The 14-woman roster for Team USA, which is ranked No. 1 in the world and won its first Olympic title last summer, features six players from that gold-medal-winning team. And while Wong-Orantes is among the 2021 U.S. Olympic team veterans, she’s still a relative newcomer to international play.

The Southern California native enjoyed a notable junior career – she was 12 when she became the youngest female to ever earn an AAA rating in beach volleyball – and was a standout collegian at Nebraska, where she was a member of the 2015 NCAA championship team. But Wong-Orantes followed a different path upon graduation, initially choosing not to go overseas to play professionally.

While she was first selected for the U.S. national team in 2016 and played a handful of international tournaments in the following years, it wasn’t until she started playing professionally in Germany in 2019 that she saw the potential to elevate her position on the roster. In particular, the pandemic-delayed Tokyo Olympics gave her an additional year of overseas experience, which she calls “a blessing in disguise.”

“I just felt like I was still in that developmental stage,” she said. “And a whole year postponement allowed me to go overseas and really get all the touches, all the repetitions, and just kind of expose myself to international volleyball another year. So I was, in hindsight, pretty thankful for that COVID season because I got an extra year under my belt, and I think that just gave me a ton of confidence.”

Ahead of the Olympics, Wong-Orantes earned “best libero” honors at the 2021 FIVB Volleyball National League in Rimini, Italy, which helped secure her spot on the Olympic roster. In Tokyo, she followed up with another standout performance and was named best libero of the Olympic tournament.

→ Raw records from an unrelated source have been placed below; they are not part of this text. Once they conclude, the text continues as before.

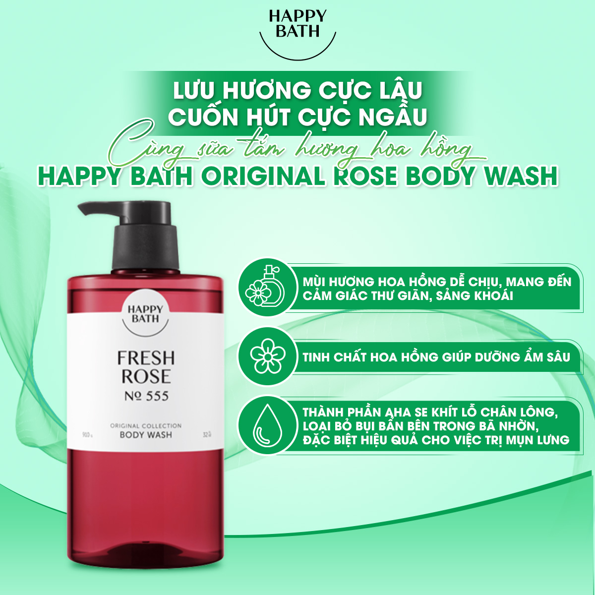 - Happy Bath Original Rose Body Wash is a shower gel with lots of super small and extremely smooth bubbles, so it will enhance the skin cleansing effect. In addition, rose essence will penetrate quickly and bring water-absorbing nutrients deep into the skin to deeply moisturize, making the skin feel truly comfortable, refreshed and relaxed.
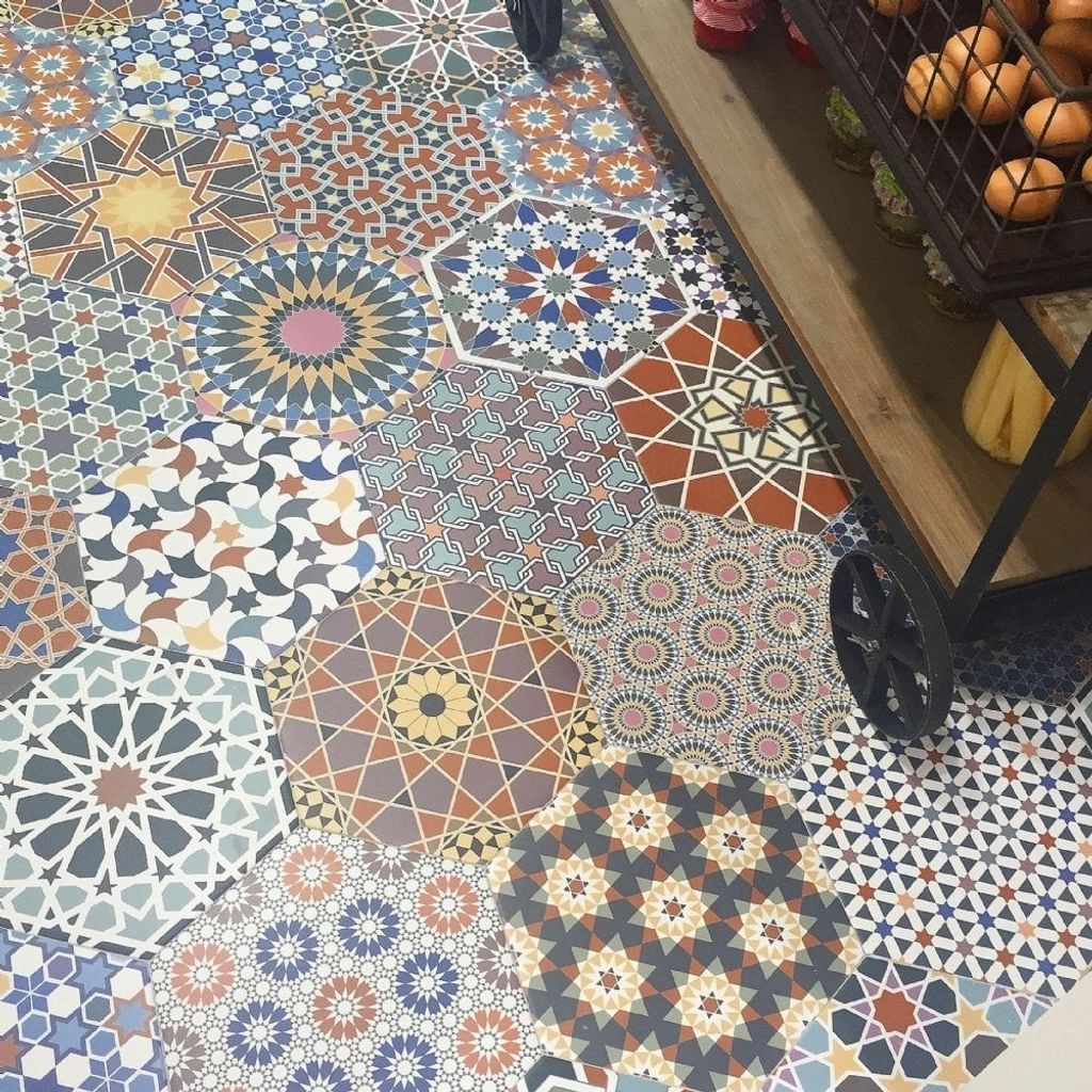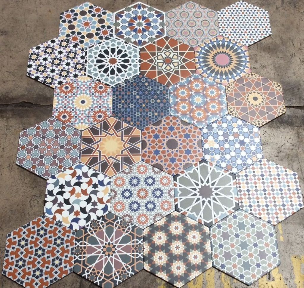 Glädjefull klinker i hexagonformat med olika färgstarka mönster. Klinkern är blandade i mönster och färger!
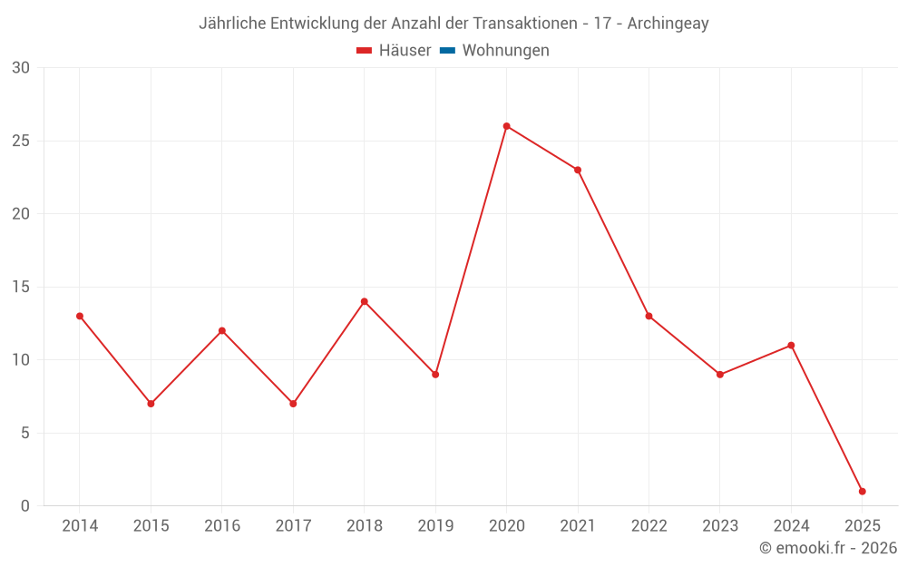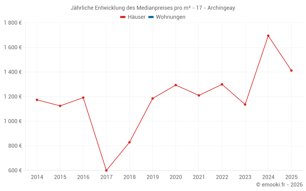 Der Durchschnittspreis auf den 15 Hausgeschäften der letzten 24 Monate in der Gemeinde Archingeay betrug 1 419 € pro Quadratmeter für einen mittleren Immobilienwert von 135 000 €. Über diesen Zeitraum hinweg lagen 60% der Transaktionen zwischen 1 102 und 2 091 € pro Quadratmeter (vom 2. bis zum 8. Dezil).

As to how the Wong-Orantes transformed into one of the world’s top liberos, she points to her background as a beach volleyball player. She began competing at age 8, and her first partner was Sara Hughes, a star on the AVP Pro Tour who also won two NCAA titles with USC.

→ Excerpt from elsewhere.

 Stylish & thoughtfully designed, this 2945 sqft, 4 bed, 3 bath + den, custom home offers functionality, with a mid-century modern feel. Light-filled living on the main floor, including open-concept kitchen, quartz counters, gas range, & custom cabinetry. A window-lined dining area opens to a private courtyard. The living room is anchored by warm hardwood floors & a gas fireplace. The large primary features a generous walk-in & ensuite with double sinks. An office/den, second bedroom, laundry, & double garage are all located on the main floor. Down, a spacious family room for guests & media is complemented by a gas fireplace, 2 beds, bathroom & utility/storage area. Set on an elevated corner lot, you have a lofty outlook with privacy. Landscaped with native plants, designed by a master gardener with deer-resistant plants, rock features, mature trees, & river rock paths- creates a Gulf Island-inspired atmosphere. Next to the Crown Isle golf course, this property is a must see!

“I think having that background and just the court awareness that beach volleyball forces you to have allowed me to really have a good read on the game,” said Wong-Orantes. “I think that’s what makes a great libero is just reading and always being reactive towards the ball.”

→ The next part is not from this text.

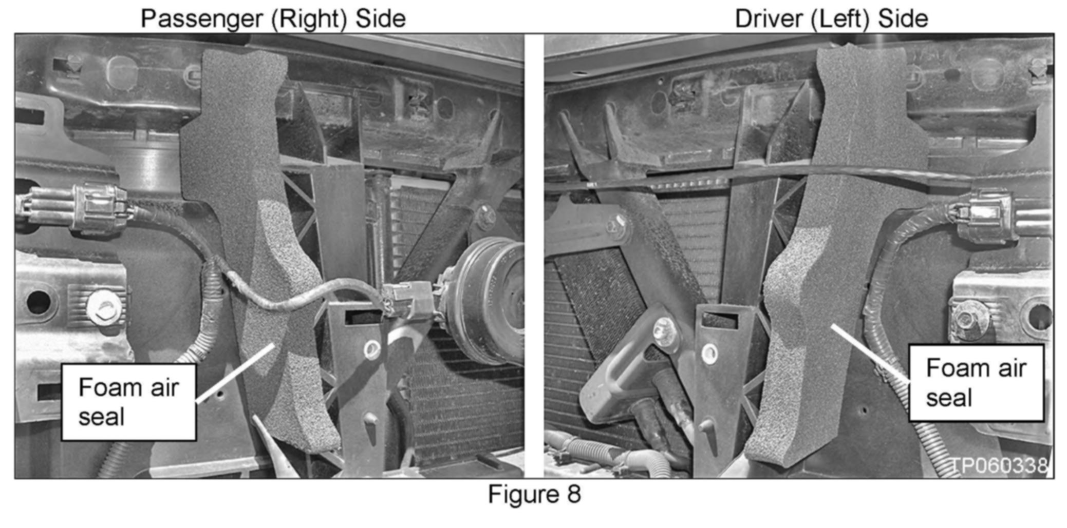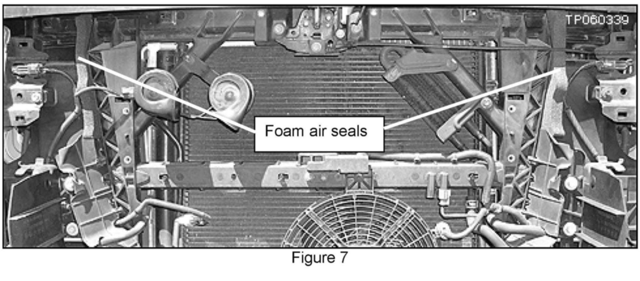 1. Install the 2 foam air seals as shown in Figures 7 and 8.

Wong-Orantes also credits the assistance of mental coach Sue Enquist, a former UCLA softball coach and U.S. national team coach, who now helps teams work on their culture and relationships. Enquist began working with the U.S. volleyball team during the pandemic and has continued in her role ever since.

“We just worked on a lot of stuff within ourselves, within our program, how to communicate with each other off the court, and I think that honestly propelled us into such a high, high level with how we worked with each other, and then that transferred onto the court,” explained Wong-Orantes, who noted the team has Enquist on speed dial while at the World Championship. “I really commend Sue. I just really give a lot of praise to her because I think our culture was never bad, but I think [she] just transformed into a different level.”

2022-09-26 - FIVB Volleyball Womens World Championship 2022 - Day 4
ARNHEM, NETHERLANDS – Justine Wong-Orantes (far right) poses for a photo with her U.S. teammates after defeating Canada at the 2022 FIVB Volleyball Women’s World Championship on September 26, 2022. (Photo by Rene Nijhuis/Orange Pictures/BSR Agency/Getty Images)

Wong-Orantes said she and her U.S. teammates are on their toes for the world championships, which features twice as many teams (24) as the Olympics and a “more grueling” format.

“It’s going to be a long tournament, and I think we’re really going to need all 14 of us that are here. I’m pretty certain that, at any given moment, someone’s going to be called on and someone’s going to need to step up in big moments.”